Statistical analysis

DnaSP v.5 software [31] was used for the computation of haplotype (H) and nucleotide (π) diversities, and mean number of pairwise differences (M). AMOVA (Analysis of Molecular Variance) and the significance of the covariance components associated with different levels of genetic structure were tested on haplotypes and haplogroup frequencies applying a non-parametric permutation procedure. The latter analyses and population pairwise FST values, between/within population average nucleotide pairwise differences, and Nei's inter-population distances, were computed using Arlequin 3.5.1.2 [32]. Diversity indices, phylogeographic inferences and inter-population comparisons were carried out using the sequence range 16090 to 16365, since this is the common segment reported in the literature. Problematic variation located around 16189 usually associated to length heteroplasmy, e.g., 16182C or 16183C, was ignored. Principal Component Analysis (PCA) was carried out on population hg frequencies using R http://www.r-project.org/. AMOVA and PCA were performed on Argentinean samples of sample sizes ≥ 20 (see Additional file 1: Table S1).

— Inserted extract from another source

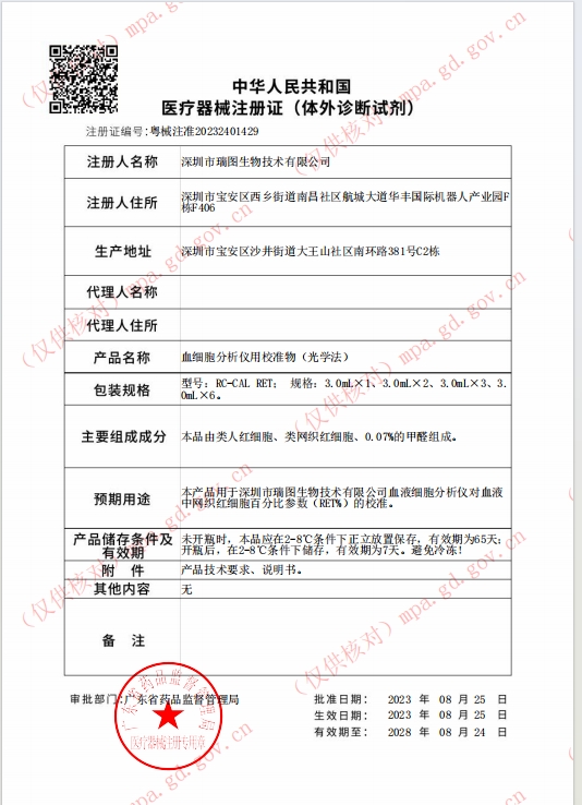 粵械注準20232400699/深圳市瑞圖生物技術(shù)有限公司 有效期至:2028-04-23血細胞分析儀用校準物(光學(xué)法)
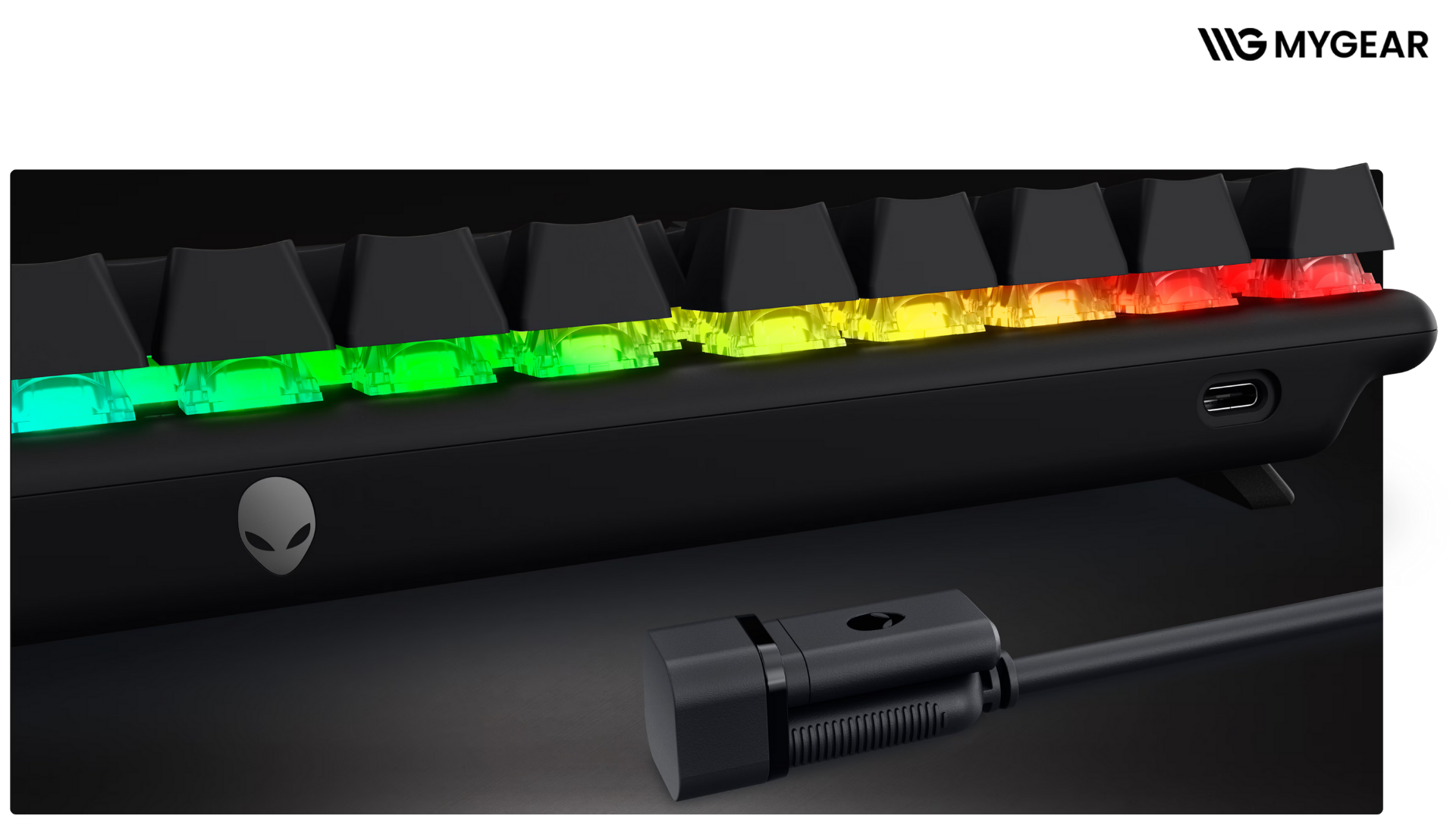 | Tính năng | Cáp USB paracord có thể tháo rời, Bộ mở rộng dongle không dây, Switch cơ học tuyến tính Alienware, Keycap PBT double-shot, Bộ nhớ tích hợp, Anti-ghosting toàn bộ, N-key rollover, Các phím có thể lập trình hoàn toàn, Vô hiệu hóa phím Windows |

Fisher's exact test and Pearson's chi-square test were undertaken using the R package http://www.r-project.org/, a significant value of α = 0.05 was considered.

Finally, estimation of the time to the most recent common ancestor (TMRCA) and SDs of hg H2a5 were carried out according to Saillard et al. [33]and using an evolutionary rate estimate for the entire mtDNA molecule as reported by Soares et al. [34].

Results

Summary statistics in Argentinean mtDNAs

Summary statistics were computed for admixed Argentineans, Native Americans, and the whole Argentinean sample (Table 2). The analysis was also carried out separately for the the Native American and the European components (Table 2). The Native American component of the admixed populations has higher diversity values than the one of the indigenous groups (Table 2) for all the indices computed. Within the admixed groups, there is more sequence diversity in Central and South while nucleotide diversity is higher in Argentina.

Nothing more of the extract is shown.